Indirect relation between tumor PD-L1 tumor overexpression and PFS and OS. (P value=0.000), so the more tumor PD-L1 overexpression the worst prognosis as decreased PFS and OS.
There was no correlation between PD-1 expression level and prognosis. Also there was no correlation with some clinical-pathological variables (age, sex, tumor size, lymph node positive, LVI, histological subtypes and tumor grade).
High PD-L1 expression suggests tumor-associated immune tolerance and escape from immune surveillance, which is one of the hallmarks of cancer cell immune evasion.
The study also supported the hypothesis that positive PD-L1 expression based on staining different cellular populations (tumor cells, tumor-infiltrating ICs, or both) might be associated with improved response to PD-1/PD-L1 inhibitors in UC (urinary bladder cancer) patients.
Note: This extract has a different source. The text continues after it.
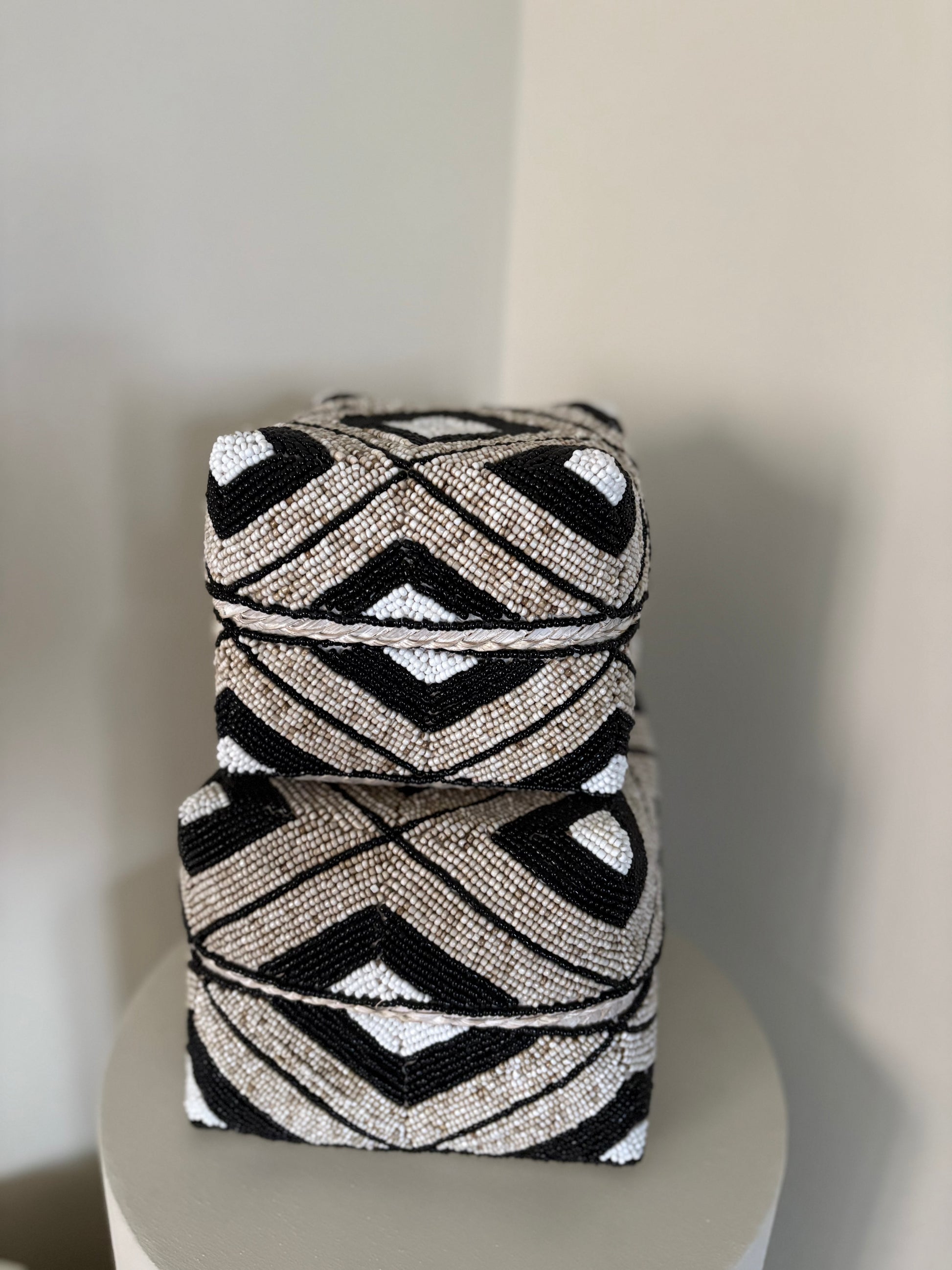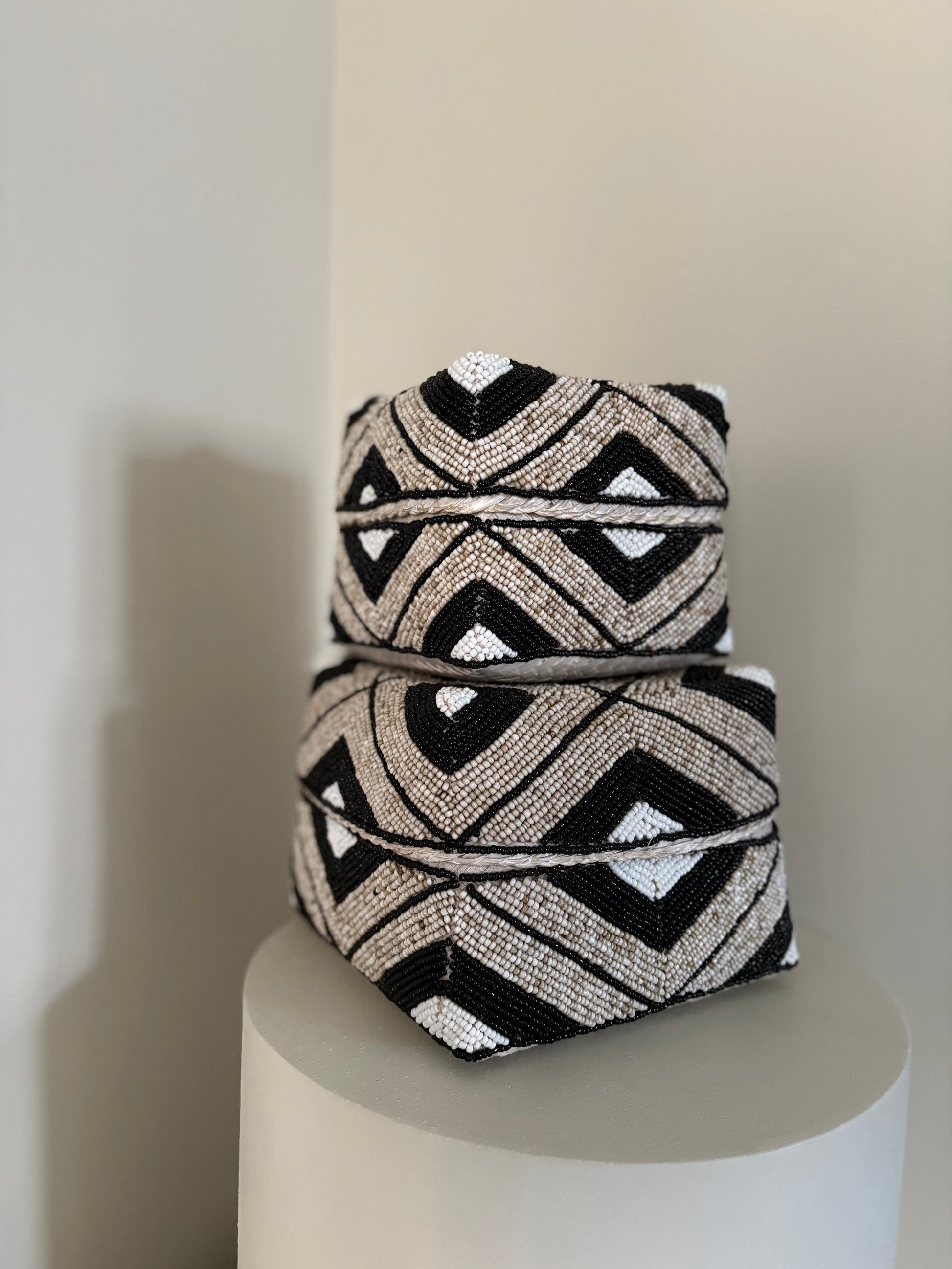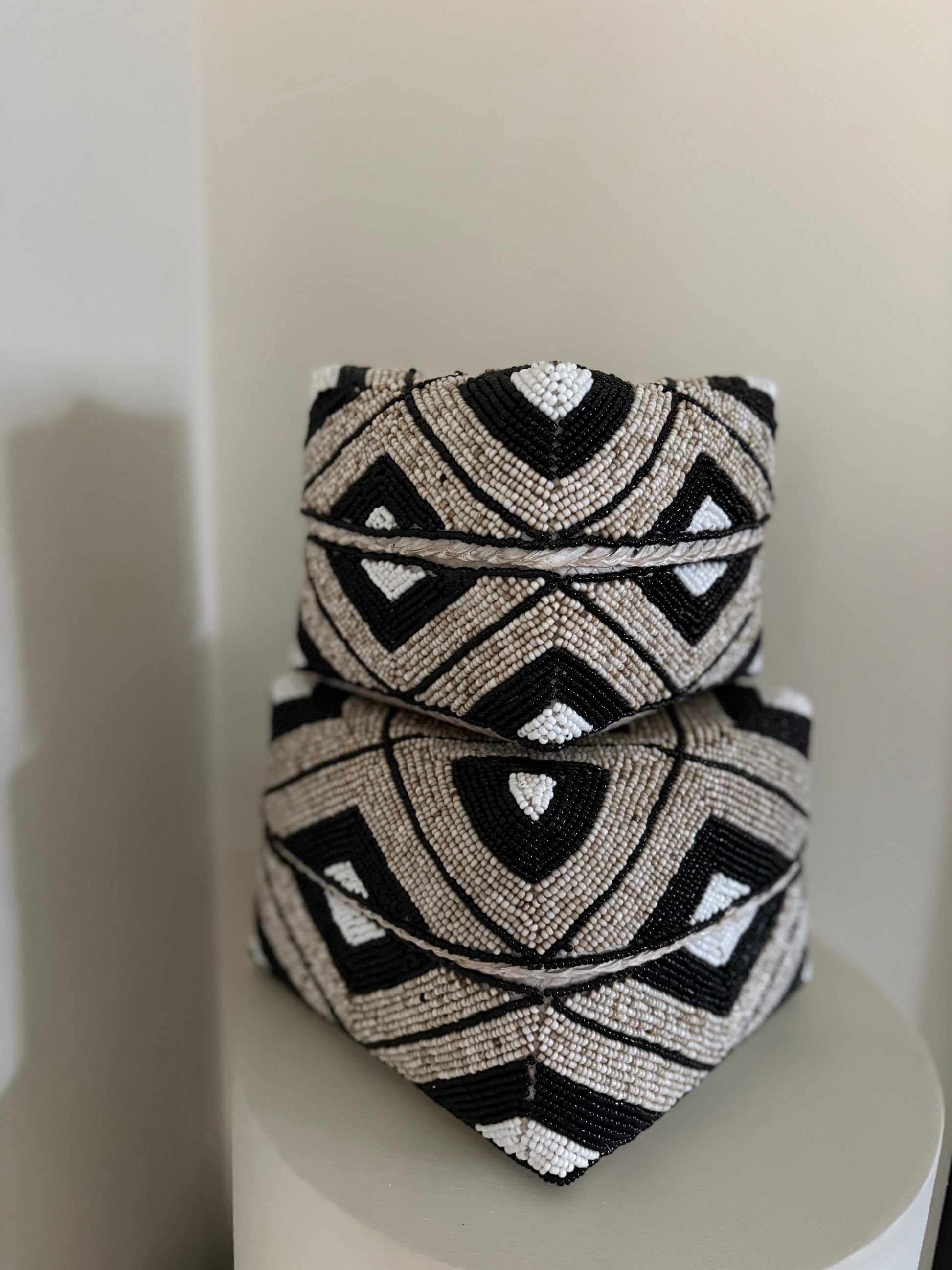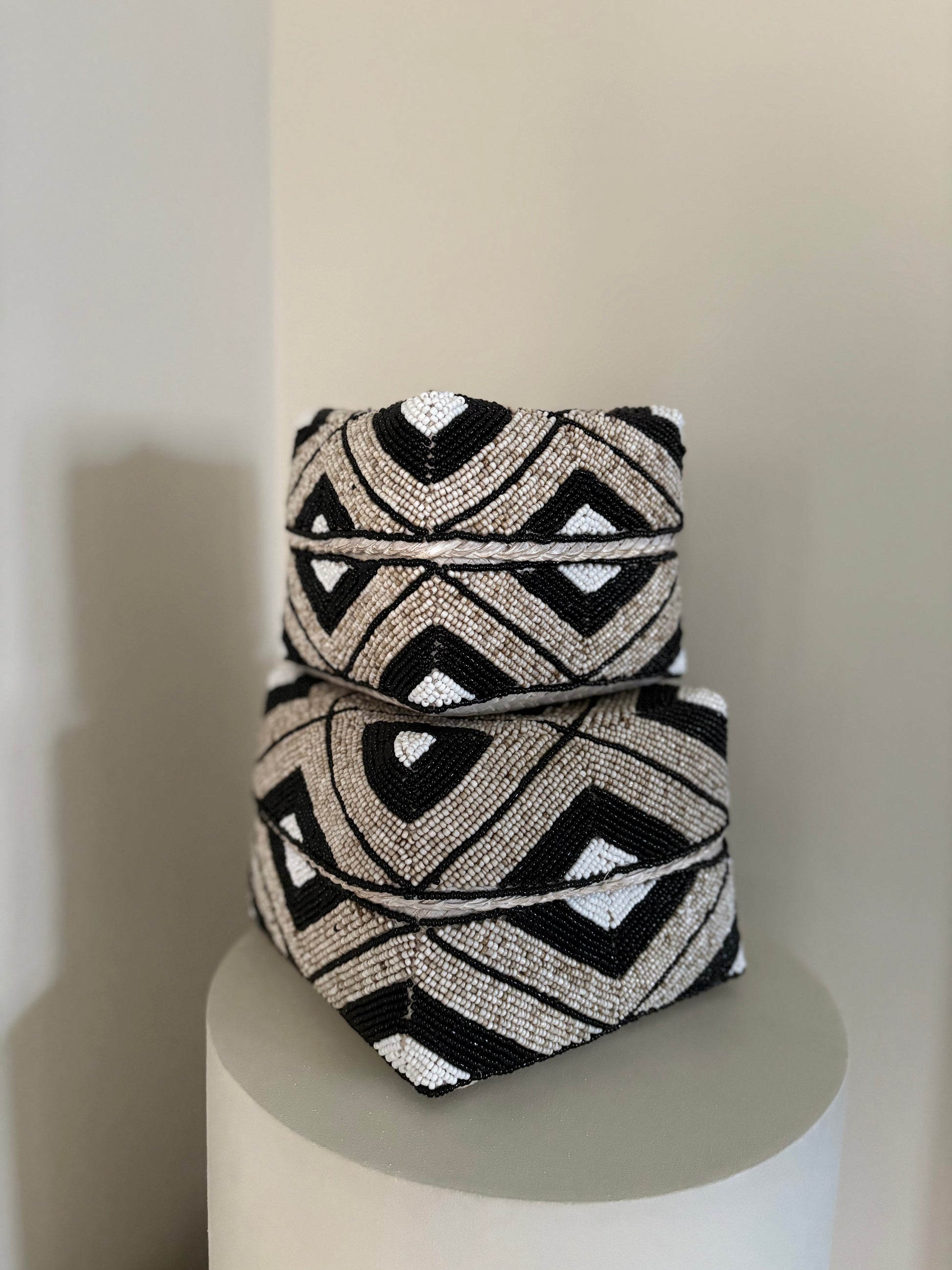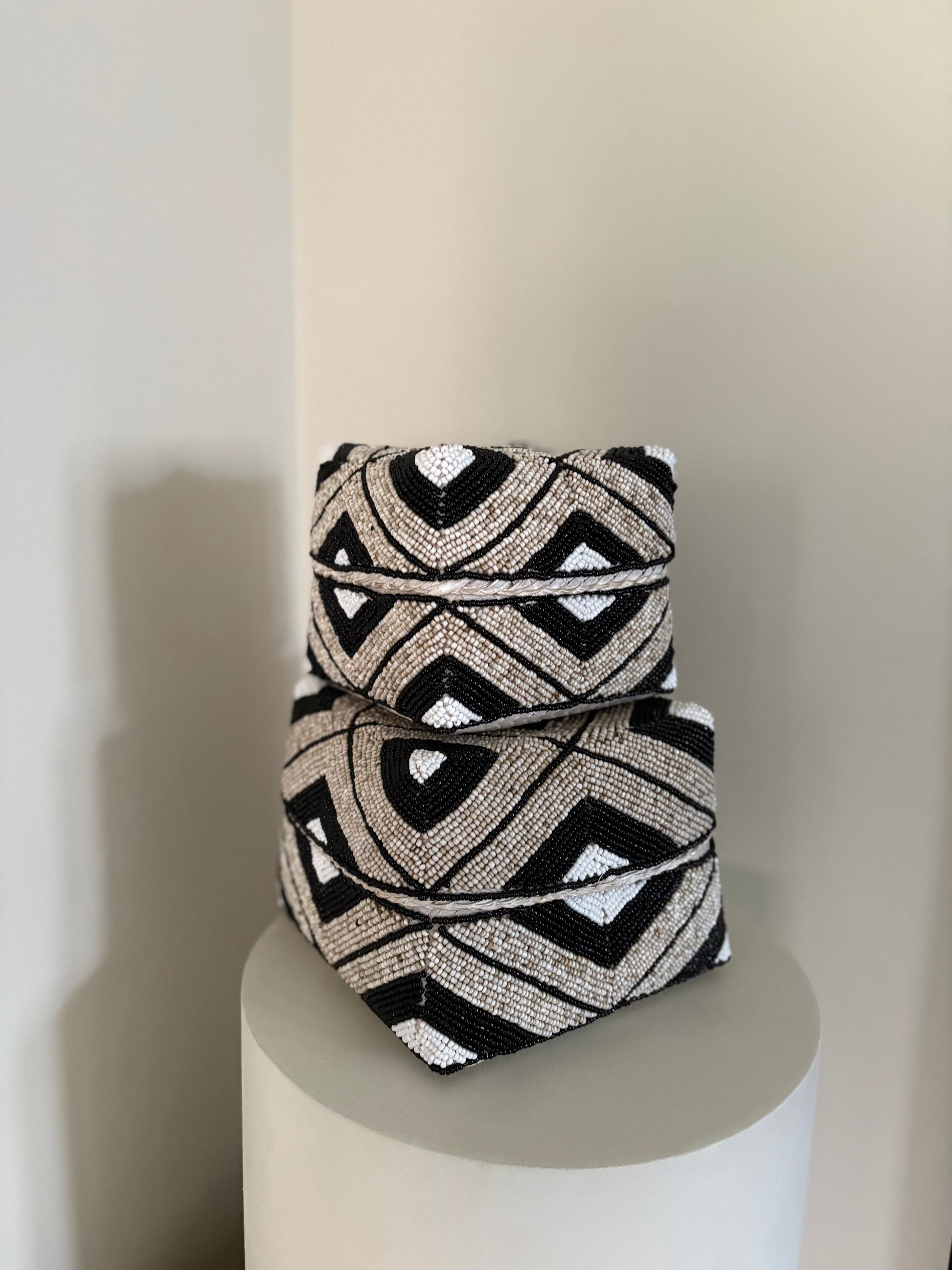 Deze elegante opbergboxen zijn met de hand gevlochten van natuurlijke palmbladeren en volledig versierd met glaskralen. Deze prachtige offermanden zijn de eye catchers voor je interieur, gebruik ter decoratie voor in de vakkenkast, of op een dressoir. Daarnaast is het een stijlvolle manier om kleine items in op te bergen!

• We should have standard cutoff point to define high and low TIL level as the heterogeneity in different studies results may be due to lack of uniform definition of PD-L1 positivity and lack of standard assays for PD-L1 expression, with different semi-quantitative scores of the PD-L1 expression status in clinical trials and different PD-L1 antibody clones.
• Tumor infiltrating lymophocytes help in identification of patients with different prognosis during and after treatment.
• The assessment of tumor-associated PD-L1 in Specimens may provide a rationale for intensive treatment of high-risk cases.
• The manipulation of tumor-associated PD-L1 or PD-1 signaling in TILs may provide an improved outcome in the treatment of urothelial cancer.
Advantages and Limitations
The assessment of tumor-associated PD-L1 in Specimens may help in identification of patient’s prognosis; provide a rationale for intensive treatment of high-risk cases and promising therapeutic target for bladder cancer.
The study has some limitations such as the relatively small patient’s number related to the case selection focused only on muscle invasive and metastatic urotheloial bladder cancer patients and short duration of follow up.